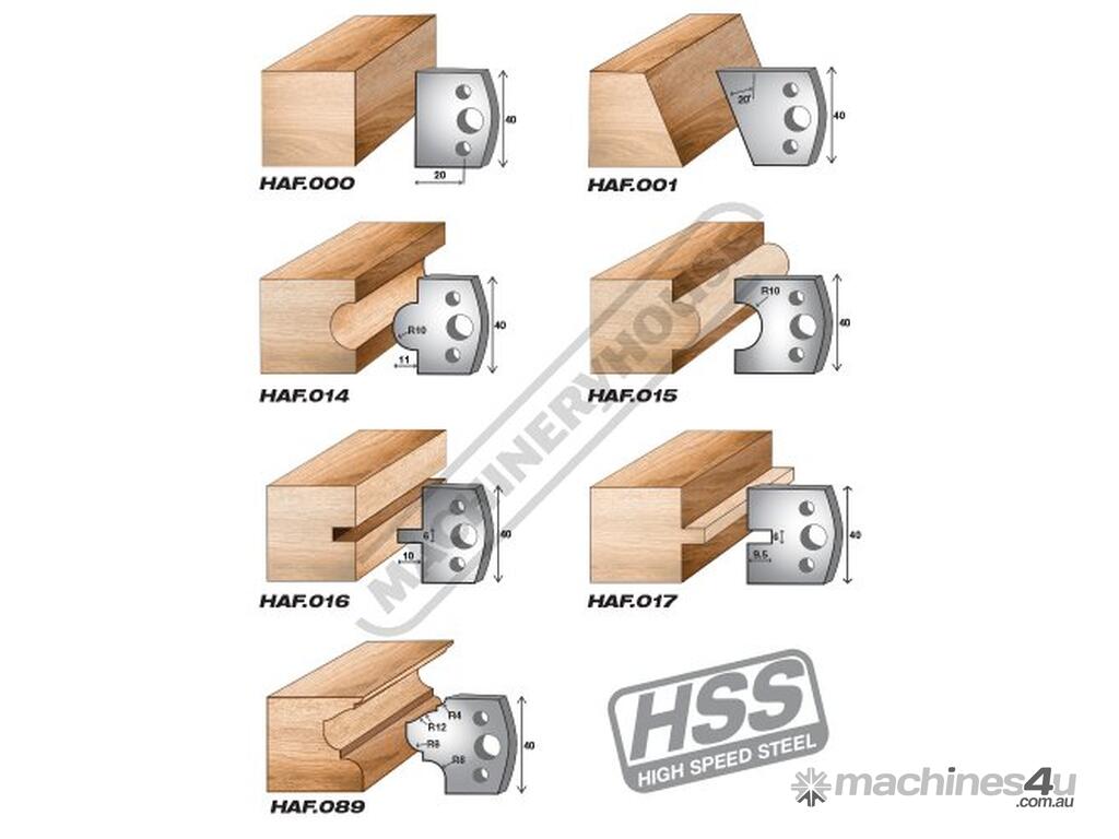 - • 7 sets of 40mm HSS profiled knives
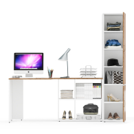 Стол-трансформер СтТ предлагает два варианта сборки - угловой (115х50/80х75 см) или прямой (165х50/30х75 см), что позволяет оптимально использовать доступное пространство. Встроенная тумба стола с четырьмя полками обеспечивает удобное хранение документов и канцелярских принадлежностей. Стол имеет фиксированную конфигурацию - тумба расположена справа, угол открывания справа. Пенал П22Б с двумя дверками и пятью полками идеально подходит для систематичного размещения книг, документов, аксессуаров или предметов декора. Сторону открывания двери можно выбрать при сборке для оптимального размещения в интерьере.
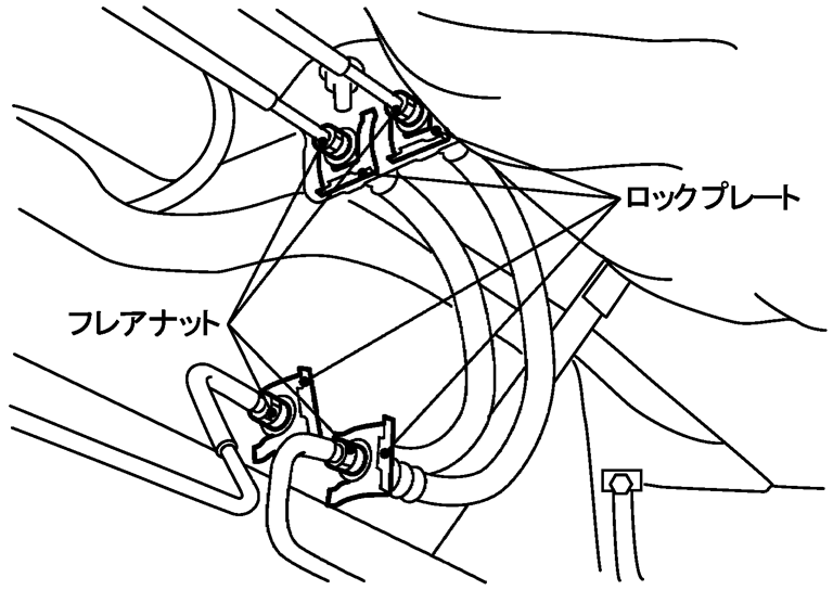 - 接続部にフルードの漏れが発生した場合は、規定トルクで締め直すか、異常があれば損傷した部品を交換すること。
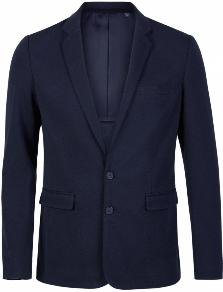 Pánské sako s límcem na klopě a zapínáním na dva knoflíky. Na přední straně je náprsní kapsa a 2 kapsy s klopou. Má poloviční podšívku. Na zadní straně rozparek.
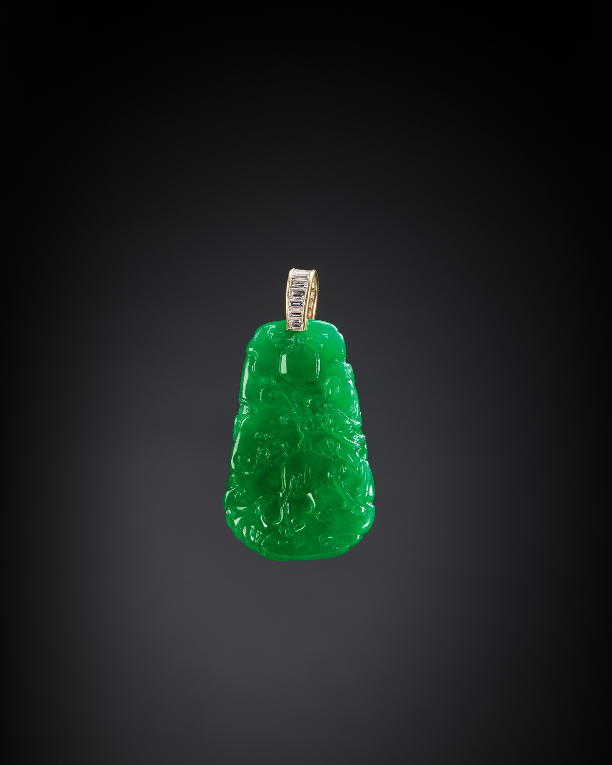 本件翡翠珮取整料雕琢而成,通體呈鮮明陽綠色,色澤濃艷而不失清透,翠色純正,色根勻淨,微帶水光,隨光轉動間泛出柔潤內光,映現出上佳之種水條件。玉質細膩緻密,質感凝結沉穩,表面拋磨圓潤光潔,整體觀感鮮明悅目。

───

→ **WHAT TO DO**: Every line from the one holding "Pánské sako s" through the end of the records above must be reproduced verbatim, pictures excepted.

→ **ANSWER AREA**:
 Pánské sako s límcem na klopě a zapínáním na dva knoflíky. Na přední straně je náprsní kapsa a 2 kapsy s klopou. Má poloviční podšívku. Na zadní straně rozparek.
 本件翡翠珮取整料雕琢而成,通體呈鮮明陽綠色,色澤濃艷而不失清透,翠色純正,色根勻淨,微帶水光,隨光轉動間泛出柔潤內光,映現出上佳之種水條件。玉質細膩緻密,質感凝結沉穩,表面拋磨圓潤光潔,整體觀感鮮明悅目。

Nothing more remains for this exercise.